En Allemagne, Pascal Mahé a entraîné son fils Kentin. Tout petit, le gamin s’endormait avec une balle de hand dans son lit et à 4 ans, quand il voyait son père perdre à Montpellier, il jetait son nounours sur le terrain. Caractère fort et QI hanball élevé, cocktail explosif ! "Il a énormément pris sur lui et a dû déployer beaucoup d’énergie pour se contrôler et que ça ne pète pas à l’entraînement. C’était un "déplaisir" parfois,  je l’ai renvoyé au vestiaire ou à la maison, c’était l’entraîneur qui agissait mais aussi le père. Dans ce sport, il faut respecter, partager et savoir se contrôler. C’est également les valeurs que tu veux faire passer à un gamin. Aujourd’hui, on échange à distance, je lui envoie des petits mots par texto, des conseils." Leur relation s’est pacifiée. Sans faire de psychologie de parquet, le déclic s’est peut-être opéré le 29 janvier 2017 à Bercy. "Juste après avoir remporté son deuxième titre mondial il m’a dit"papa je t’ai dépassé !" Dans la mythologie, on dit qu’il faut tuer le père, on n’en est pas là mais…(rires)."  A Toulouse, Philippe Gardent entraîne son fils Mathis, pivot comme lui. "Quand on entraîne son fils c’est plus dur pour lui que pour soi. Pour l’entraîneur, ça ne fait pas de différence. Pour eux c’est plus difficile surtout s’ils sont sur le même poste.
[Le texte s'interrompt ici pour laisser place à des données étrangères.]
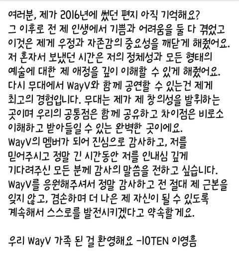 해석은 밑에ㅇㅇ 웨이션 대우 잘 해라 슴아 너네 ㅈ 대로 구성만 맞추듯이 넣었다 뺐다 하지 말고 그리고 웨이션도 엔시티면 못 박으라고ㅋㅋㅋㅋ 어중간하게 발 거치고 있으니까 애들 무시하는 새끼들 조카 많잖아 시 바 포카 애들 나오면 망했다고 씨부리는 것들, 버스 취급하는 것들ㅋㅋㅋㅋ 물론 아닌 애들도 있겠지 웨이션 존재 소중하다 지켜라 슴아

Notre rapport a évolué avec le temps, maintenant il me pose des questions, on en parle plus. Avant, je ne voulais pas être intrusif."  

Bon sang ne saurait mentir

Le ratio de fils de Barjots évoluant au haut niveau est exceptionnellement élevé, et le phénomène ne fait peut-être que commencer. Ewan Kervadec est nommé parmi les 5 révélations de la saison en Lidl starligue, le fils de Yohann Delattre, 14 ans seulement, rentre au pôle Espoirs d’Amiens en septembre prochain alors que celui de Thierry Perreux a déjà été dirigé par son père avec la réserve du PSG. Le secret de cette réussite, c’est Pascal Mahé qui nous le livre: "On est fier les uns des autres dans la famille. Prendre du plaisir dans un monde professionnel où l’on prend plus de claques que de bisous, c’est essentiel !" Le plaisir, encore, la passion, toujours. 25 ans après, la philosophie des Barjots n’a pas pris une ride.